▶ **Records provided**:
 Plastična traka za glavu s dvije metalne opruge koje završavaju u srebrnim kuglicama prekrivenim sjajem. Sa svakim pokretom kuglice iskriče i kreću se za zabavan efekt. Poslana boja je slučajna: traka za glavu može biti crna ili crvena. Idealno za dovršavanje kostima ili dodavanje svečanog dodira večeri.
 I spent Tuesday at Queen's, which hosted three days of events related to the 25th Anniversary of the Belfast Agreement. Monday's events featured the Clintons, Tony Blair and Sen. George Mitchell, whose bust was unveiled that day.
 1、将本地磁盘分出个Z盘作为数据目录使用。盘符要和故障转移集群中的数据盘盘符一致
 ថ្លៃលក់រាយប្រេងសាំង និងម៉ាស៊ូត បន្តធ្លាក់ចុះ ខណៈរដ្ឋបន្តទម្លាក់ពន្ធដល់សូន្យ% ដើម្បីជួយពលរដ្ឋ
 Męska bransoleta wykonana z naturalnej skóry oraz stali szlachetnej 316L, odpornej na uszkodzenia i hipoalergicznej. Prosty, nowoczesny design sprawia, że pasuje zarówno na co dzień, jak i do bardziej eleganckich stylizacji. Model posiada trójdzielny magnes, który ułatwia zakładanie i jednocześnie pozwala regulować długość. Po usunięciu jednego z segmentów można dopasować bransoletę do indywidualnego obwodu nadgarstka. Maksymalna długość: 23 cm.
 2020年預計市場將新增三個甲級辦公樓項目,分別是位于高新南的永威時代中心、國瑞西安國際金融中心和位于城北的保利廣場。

▶ **Task to carry out**: From the records above, print only the lines between the one holding "1、将本地磁盘分出个Z盘作为" and the one holding "Męska bransoleta wykonana", inclusive, exactly as they stand.

▶ **Response box**:
 1、将本地磁盘分出个Z盘作为数据目录使用。盘符要和故障转移集群中的数据盘盘符一致
 ថ្លៃលក់រាយប្រេងសាំង និងម៉ាស៊ូត បន្តធ្លាក់ចុះ ខណៈរដ្ឋបន្តទម្លាក់ពន្ធដល់សូន្យ% ដើម្បីជួយពលរដ្ឋ
 Męska bransoleta wykonana z naturalnej skóry oraz stali szlachetnej 316L, odpornej na uszkodzenia i hipoalergicznej. Prosty, nowoczesny design sprawia, że pasuje zarówno na co dzień, jak i do bardziej eleganckich stylizacji. Model posiada trójdzielny magnes, który ułatwia zakładanie i jednocześnie pozwala regulować długość. Po usunięciu jednego z segmentów można dopasować bransoletę do indywidualnego obwodu nadgarstka. Maksymalna długość: 23 cm.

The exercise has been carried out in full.